14.1. Giova comunque osservare che ogni censura che attenga a presunte violazioni dell’art. 360, primo comma, n. 5 cod. proc. civ. sono inammissibili in presenza di c.d. doppia conforme. Poiché il ricorso in appello risulta essere stato depositato il 25 luglio 2013, opera la previsione d’inammissibilità del ricorso per cassazione, di cui all’art. 348-ter, comma 5, cod. proc. civ., che esclude che possa essere impugnata ex art. 360, primo comma, n. 5, cod. proc. civ. la sentenza di appello “che conferma la decisione di primo grado”, previsione che trova applicazione agli effetti dell’art. 54, comma 2, del d.l. n. 83 del 2012, conv. in I. n. 134 del 2012, per i giudizi di appello introdotti con ricorso depositato o con citazione di cui sia stata richiesta la notificazione dopo 1 1 11 settembre 2012.

15. Il quinto motivo è inammissibile. L’accertamento della sussistenza di una contestazione ovvero d’una non contestazione, rientrando nel quadro dell’interpretazione del contenuto e dell’ampiezza dell’atto della parte, è funzione del giudice di merito, sindacabile in cassazione solo per vizio di motivazione. Ne consegue che, ove il giudice abbia ritenuto “contestato” uno specifico fatto e, in assenza di ogni tempestiva deduzione al riguardo, abbia proceduto all’ammissione ed al conseguente espletamento di un mezzo istruttorio in ordine all’accertamento del fatto stesso, la successiva allegazione di parte, diretta a far valere l’altrui pregressa “non contestazione”, diventa inammissibile (Cass. n. 27490 del 2019, 4249 del 2012).

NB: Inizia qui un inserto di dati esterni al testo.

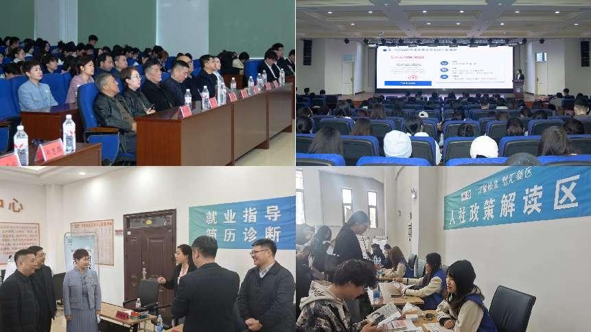 活动伊始,政校企三方举行了务实高效的哈尔滨市及新区人才政策宣讲会。哈市松北区民政和人力资源社会保障局局长刘斌、松北区人力资源社会保障服务中心主任丁宁、道外区就业服务中心四级调研员董吉滨等人社局领导参加了宣讲会,并与学校招就处及五个学院党政领导深入交流,共商文科人才培养与区域产业需求对接新路径。会上,松北区人力资源社会保障服务中心相关负责人围绕哈尔滨市及新区人才政策、高校毕业生档案转递等方面内容进行了宣讲、解读,鼓励更多优秀学子扎根龙江、干事创业。

15.1. Nel caso in esame, il giudice di primo grado diede ingresso alla prova testimoniale e dispose l’espletamento di una c.t.u. per la verifica della effettività della esposizione qualificata all’amianto anche nel periodo successivo al 1992, ritenendo evidentemente contestati i fatti che l’attuale ricorrente ritiene invece che non lo fossero. La censura è inammissibile alla stregua del principio sopra richiamato.

16. Anche il sesto motivo è inammissibile. La consulenza tecnica di ufficio, non essendo qualificabile come mezzo di prova in senso proprio, perché volta ad aiutare il giudice nella valutazione degli elementi acquisiti o nella soluzione di questioni necessitanti specifiche conoscenze, è sottratta alla disponibilità delle parti ed affidata al prudente apprezzamento del giudice di merito. Questi può affidare al consulente non solo l’incarico di valutare i fatti accertati o dati per esistenti (consulente deducente), ma anche quello di accertare i fatti stessi (consulente percipiente) (Cass. n. 3717 del 2019).

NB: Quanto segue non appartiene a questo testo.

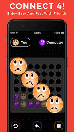 "4 in a Row" is a game classic for two players. Goal of the game is to line up four discs of your color to a horizontal, vertical or diagonal line. Alternating, you and your opponent drop discs into the grid and try to complete a line of four discs against the computer, friends or strangers from all over the world!

16.1. Nel caso in esame, non è stato chiarito dal ricorrente per cassazione – che ne aveva l’onere – quale fosse il quesito sottoposto al C.t.u. per stabilire l’ampiezza dell’accertamento e delle indagini demandata dal giudice di merito. L’assunto di avere esorbitato dal mandato conferito è privo di adeguato riscontro nelle allegazioni su cui il ricorso per cassazione si fonda e difetta così di specificità (art. 366 n. 4 e 6 cod. proc. civ.).

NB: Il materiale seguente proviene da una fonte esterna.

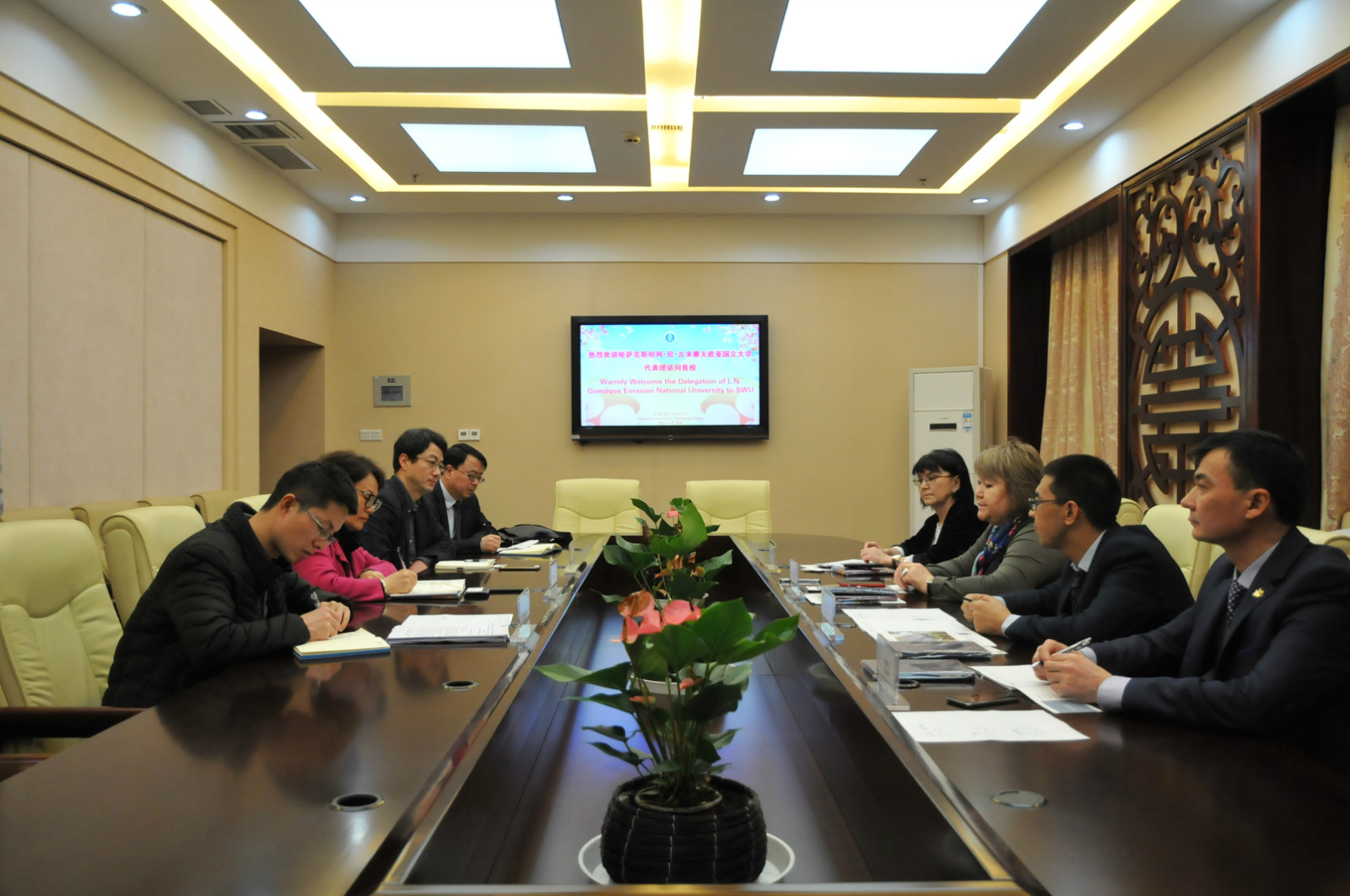董事长女士对王静经理的热情接待表达了诚挚感谢。她介绍了欧亚大学的基本情况,特别是该校的国际合作与交流情况。她表示,在中国“一带一路”建设的倡议下,欧亚大学正将国际交流合作的重心向中国转移。她希望双方在即将签署的合作备忘录框架下,就哈萨克斯坦文化研究中心、联合培养项目、科学研究等方面展开合作。

17. Il settimo e l’ottavo motivo sono inammissibili. La confutazione delle riserve avanzate dall'(allora) appellante è implicita nel giudizio di piena attendibilità ed esaustività dell’elaborato tecnico che la Corte di merito esprime e giustifica riferendo della correttezza della metodica seguita dall’ausiliare — determinazione del tempo e della consistenza della esposizione all’amianto effettuata – in relazione alle mansioni svolte.

17.1. L’assunto per cui non sarebbe stata seguita correttamente la metodica in uso non è specifico rispetto a quanto affermato nella sentenza impugnata, secondo cui il C.t.u. aveva spiegato come dipendesse dai dati inseriti la diversità del risultato rispetto a quanto auspicato dal ricorrente e l’appellante non avesse chiarito in quale modo, applicando al metodo Amyant i dati relativi all’esposizione ritenuti dal Consulente d’ufficio, i risultati così ottenuti sarebbero stati difformi da quelli di cui alla relazione peritale.

18. In definitiva, le censure che vengono addebitate alla sentenza impugnata si risolvono, per la gran parte, nella messa in discussione dell’operato e delle conclusioni del C.t.u., in critiche strumentali a una revisione del merito del convincimento del giudice (che quelle conclusioni ha fatto proprie) e, per ciò stesso, devono ritenersi inammissibili, in quanto incompatibili con il sindacato di (sola) legittimità proprio del giudizio di cassazione.

19. Il ricorso va dunque rigettato. Quanto alle spese, poiché non vi è prova dei presupposti reddituali per l’esonero di cui all’art. 152 disp. att. cod. proc. civ., va applicata la regola della soccombenza, con conseguente condanna di parte ricorrente al pagamento, in favore dell’INPS, delle spese del giudizio di legittimità, liquidate nella misura indicata in dispositivo per esborsi e compensi professionali, oltre spese forfettarie nella misura del 15 per cento del compenso totale per la prestazione, ai sensi dell’art. 2 del D.M. 10 marzo 2014, n. 55.

19.1. Nulla va disposto quanto alle spese nei confronti degli “avv.ti B.F. e C.M.”, difensori dell’INPS in grado di appello, che risultano indicati nell’intestazione del ricorso per cassazione come parti del giudizio, ma che – all’evidenza – non sono tali, in quanto soggetti non interessati in alcun modo dall’impugnazione, e la cui indicazione quali contraddittori deve ritenersi inammissibile, se non frutto di errore materiale.

20. Va dato atto della sussistenza dei presupposti processuali (nella specie, rigetto del ricorso) per il versamento, da parte del ricorrente, ai sensi dell’art. 13, comma 1-quater, del d.P.R. 30 maggio 2002 n. 115, nel testo introdotto dall’art. 1, comma 17, della legge 24 dicembre 2012, n. 228, di un ulteriore importo a titolo di contributo unificato, in misura pari a quello previsto per il ricorso, a norma del comma 1-bis dello stesso art. 13, se dovuto (v. Cass. S.U. n. 23535 del 2019).

P.Q.M.

Rigetta il ricorso e condanna il ricorrente al pagamento delle spese, che liquida in euro 200,00 per esborsi e in euro 1.500,00 per compensi, oltre 15% per spese generali e accessori di legge.

Ai sensi dell’art.13 comma 1-quater del d.P.R. n.115 del 2002, dà atto della sussistenza dei presupposti processuali per il versamento, da parte del ricorrente, dell’ulteriore importo a titolo di contributo unificato pari a quello previsto per il ricorso, a norma del comma1-bis, dello stesso articolo 13, se dovuto.